Modules: The core of Dex

Every time you visit a URL, the Dex browser extension loads CSS and JavaScript files for that specific domain. These files are built based on modules that you have enabled in the Dex extension popover.

What is a module? It’s a sensibly-named folder with some CSS and/or JS files that, when included on a webpage, accomplish a single task.

Modules live inside a folder called .dex in your home folder. I’m going to assume you’re the technical type and we’ll just call that ~/.dex/ from now on.

Writing your first module

  1. Think about what you want this module to do, then create a folder with a succinct name based on what the module does. Want to make a website’s background red? A folder called Change body background to red would do the trick.

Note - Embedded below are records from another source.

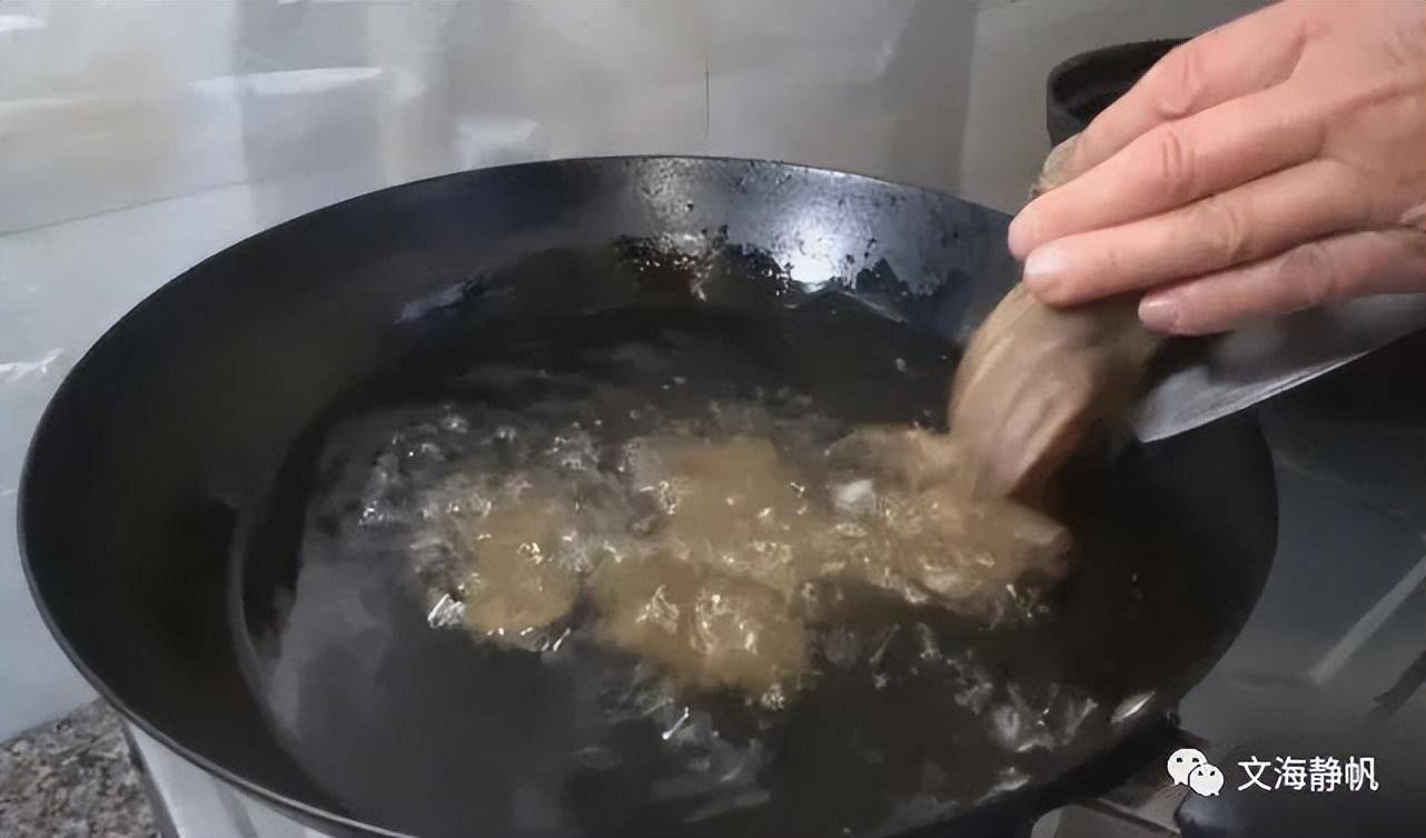 第二步,把猪花油平铺开,将拌好的原料放置上面,用猪花油裹成直径约3厘米,长约25厘米的圆条,随即迅速放入热油中煎至柿黄色取出。这就是初成模型的烧肝。
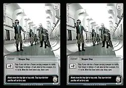 Combat is resolved on the basis of character and starship battles. The principle of drawing Destiny (drawing a card from deck and using the Destiny number printed on it) has been retained from Star Wars CCG, although the Destiny number applies solely to weapon targeting.
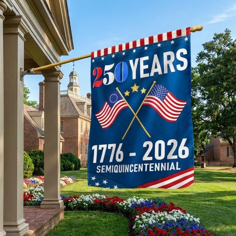 250 Years Semiquincentennial American Flag, Patriotic 1776 2026 Grommet Flag$49.95 USD$59.99 USDDescribe your product
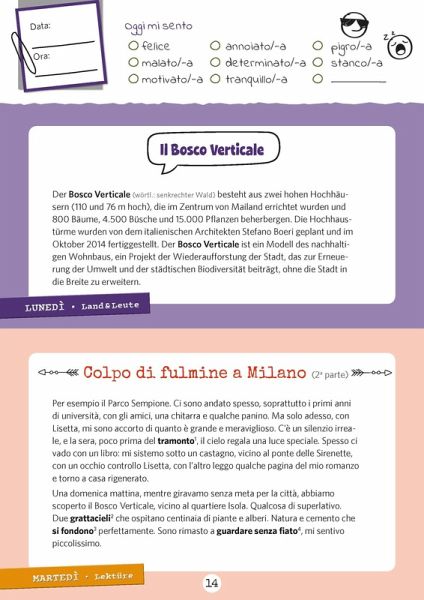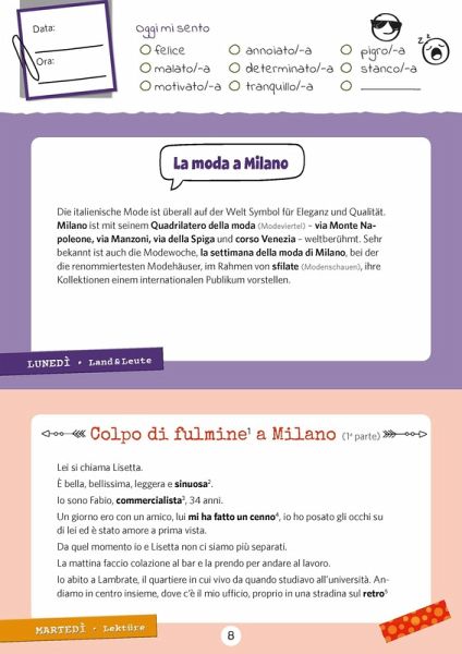 Interessantes über Land und Leute, unterhaltsame Lesetexte, Grammatik und Wortschatz, Witze und zum Abschluss fürs Wochenende etwas Kulinarisches: Nimm dir täglich deine kleine Auszeit und erweitere so effektiv deine Sprachkenntnisse. Mit täglichem Kreativteil zum Ausfüllen.
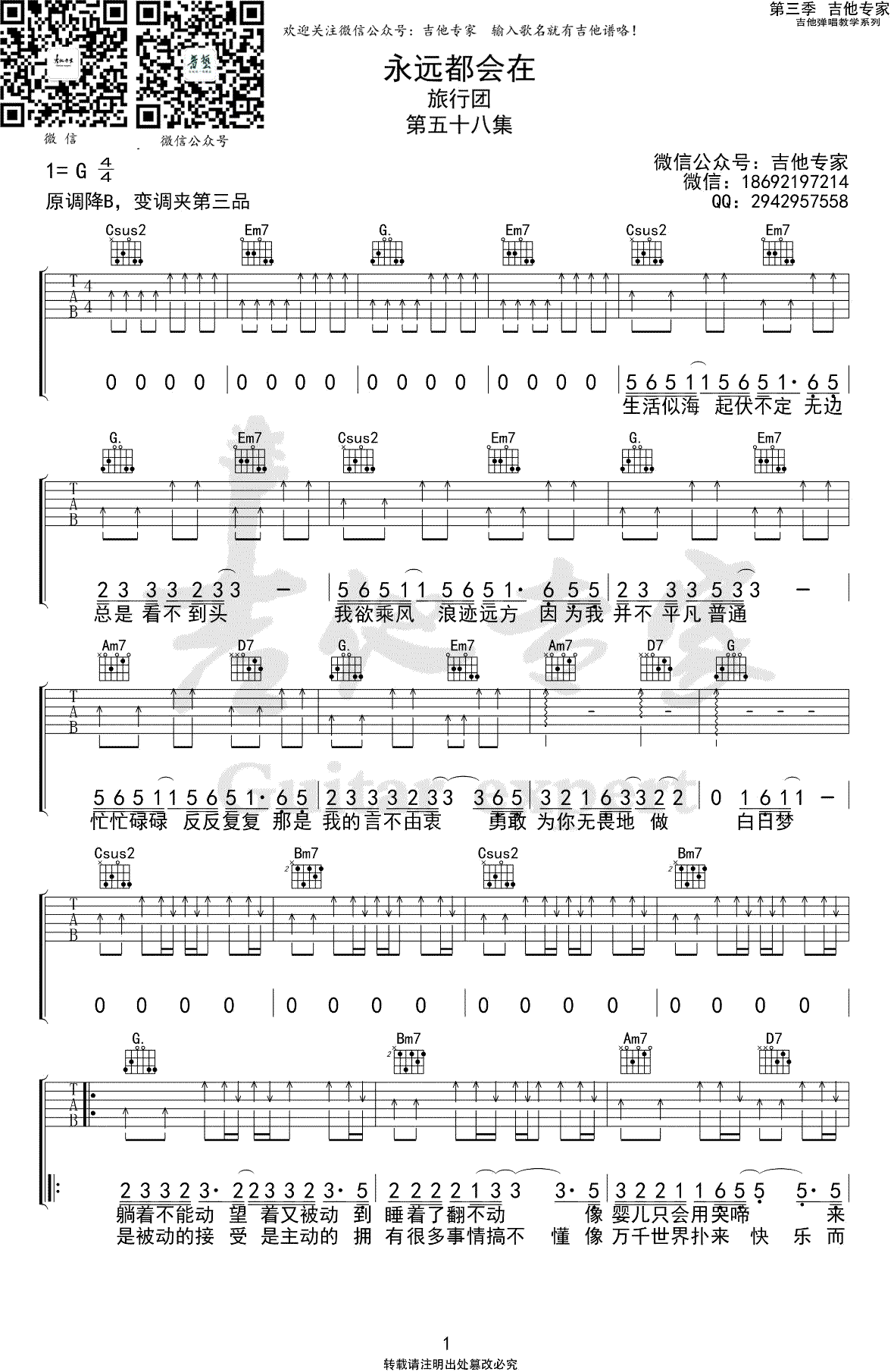 吉他旅行团乐队《永远都会在》吉他谱 - 吉他专家编配
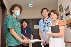業務の流れを聞かれても、どこの薬局でも同じですよね。流れよりも重要なのは、他職種との連携、地域連携が重要なことですよね。私たちは地域包括ケアシステムの中で、より関わりを深く、コミュニケーションをどのようにとっていくのかが重要なことです。地域での勉強会、打合せ、イベント、ボランティアなど多くの関わりを持ち、地域に浸透し寄り添う薬剤師となるように努力をしています。薬剤師だけでなく、全社一丸となり在宅医療への取組みに励んでいます。
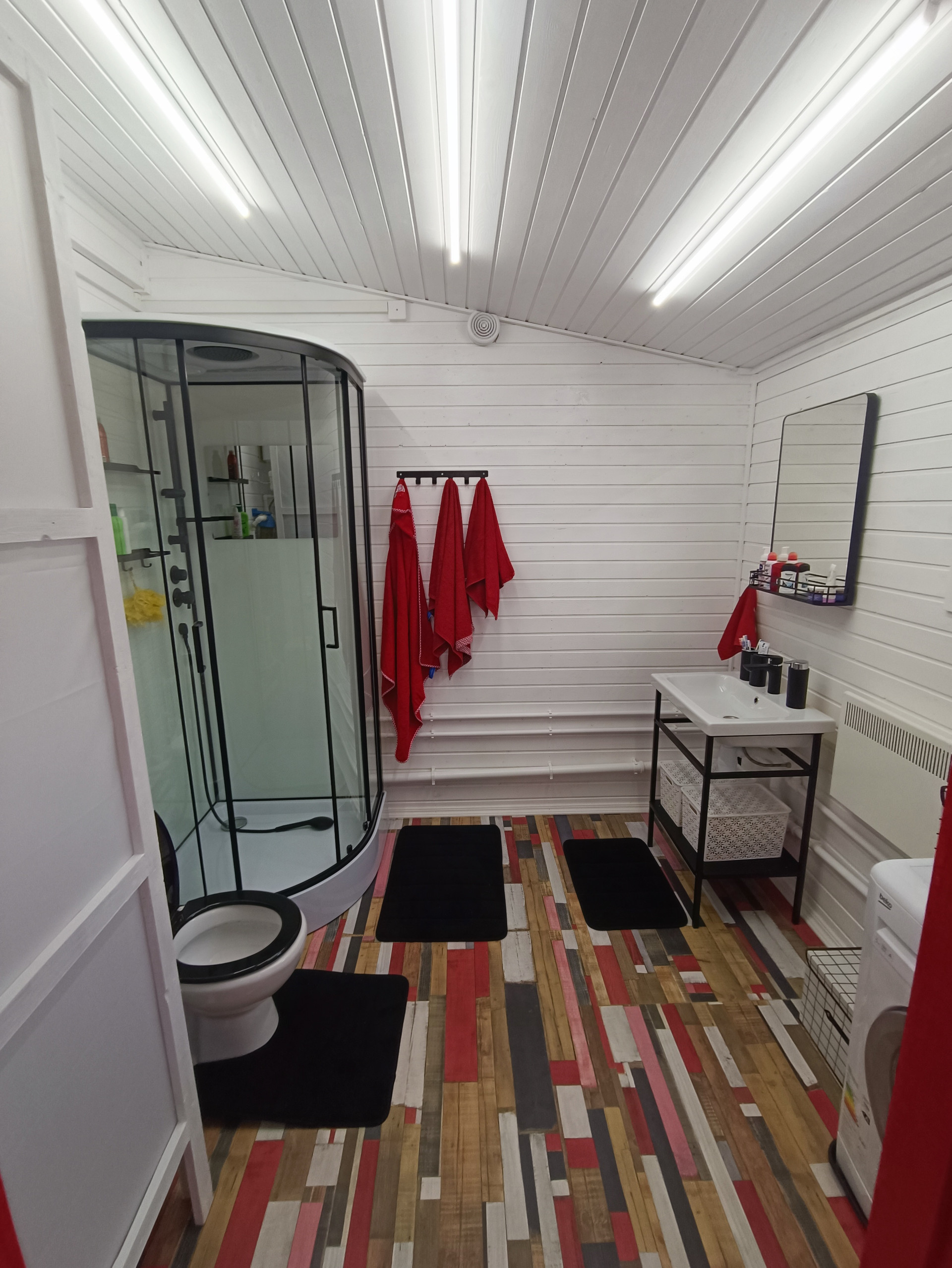 Скважина, септик, электричество 15кВт, видеонаблюдение, электрообогрев ( конвекторы энергосберегающие) и удаленное управление ими, газовый камин 5 кВт (разогрев зимой от -10С до +20 за 5 часов). Электропроводка: отдельная линия до каждой силовой розетки, распредкоробки только на освещении. Спутниковое ТВ. Водопровод: летний/зимний и смонтирован с возможностью разморозки дома зимой, бойлер 50 литров.

  2. Put CSS and JS files in the folder you just created. Congrats, you just created a module! 🎉

  3. Think about what the scope of this module should be, then place it in one of three subfolders inside ~/.dex/:

  • 💻 Site-specific module: If you want to modify one particular site, you’ll want to place the module in a site-specific folder. Site-specific folders are URL-named folders (github.com, google.com, etc.). Enabled site-specific modules are only loaded for the exact matching URL. Subdomains of URLs are treated as separate URLs and can be configured independently of the parent URL, but they have access to all the parent URL’s modules.

  • 🌍 Global module: If you want to modify every site you visit, you’ll want to put the module inside a folder called global. Enabled global modules are loaded for every website you visit, so don’t go too crazy.

  • 🔨 Utility module: If you want a module to be available to any site, but you want it affect sites on an individual basis, put the module inside a folder called utilities. Utility modules show up as regular site-specific modules in the Dex popover, but enabling a utility module will only enable it for the specific domain that you’ve browsed to.

  1. Visit the URL you want to modify, open the Dex popover menu, and click the switch next to whatever modules you want to enable. Whammy. There it is.

Installation

  • Dex daemon: dexd is available as a Homebrew tap. Run brew install --HEAD meyer/dex/dexd. Be sure to read the caveats. TLDR:

    • Make sure either a folder or a symlink to a folder exists at ~/.dex/. I’ve symlinked ~/.dex/ to the dexfiles folder in my Dropbox. Works quite nicely.

    • If you want dexd to run on boot, run brew services start meyer/dex/dexd to install the launchagent.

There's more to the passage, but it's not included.